|
The Sunday Telegraph / Voiceless.org.au
2004
Weaving fights mistreatment.
ACCLAIMED actor Hugo Weaving has agreed to front a new animal rights charity, Voiceless.
Weaving, who appeared in the Lord Of The Rings and Matrix trilogies,
and was the voice of Rex the dog in Babe, will launch Voiceless
tomorrow.
"I feel a close affinity with animals, and I think most people do," Weaving said.
"It feels like a good time in my life to become involved in something I feel strongly about."
Voiceless is the brainchild of multi-millionaire
businessman Brian Sherman and his daughter Ondine.

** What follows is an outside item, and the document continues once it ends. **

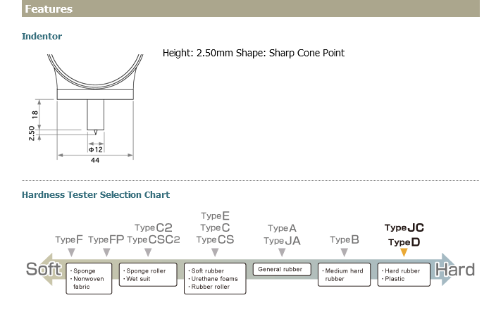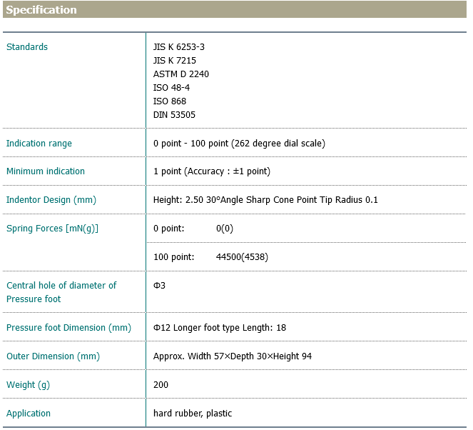 Type A Durometer (ASKER A type), conforming to JIS K 6253-3 is the most popular type of durometer for measuring rubber hardness.

Mr Sherman said: "We
went to an animal rights conference in San Diego last year and it
brought home to us the fact that animals are getting such a raw deal,
and are subject to so much mistreatment."
Each year,
Voiceless will distribute grants worth tens of thousands of dollars to
established animal rights and welfare groups.
"Governments
are not doing enough for animals," Mr Sherman said. "There's little
awareness of what is happening to them in factory farms; people don't
really want to know."
Sherman, a vegetarian, and Weaving,
pointed to battery hens and pigs raised in cramped quarters, along with
kangaroo culling, as three key issues.
While Weaving eats meat, his two children, Harry, 15, and Holly, 11, are vegetarian and Weaving feels torn over it.
The NIDA graduate won his first AFI Award in 1991 for Proof and secured
his place in Australian movie industry legend with his performance as a
drag queen in Priscilla Queen of the Desert.
But Weaving, 44, shot to international fame with his role as the diabolical Agent Smith in the Matrix series.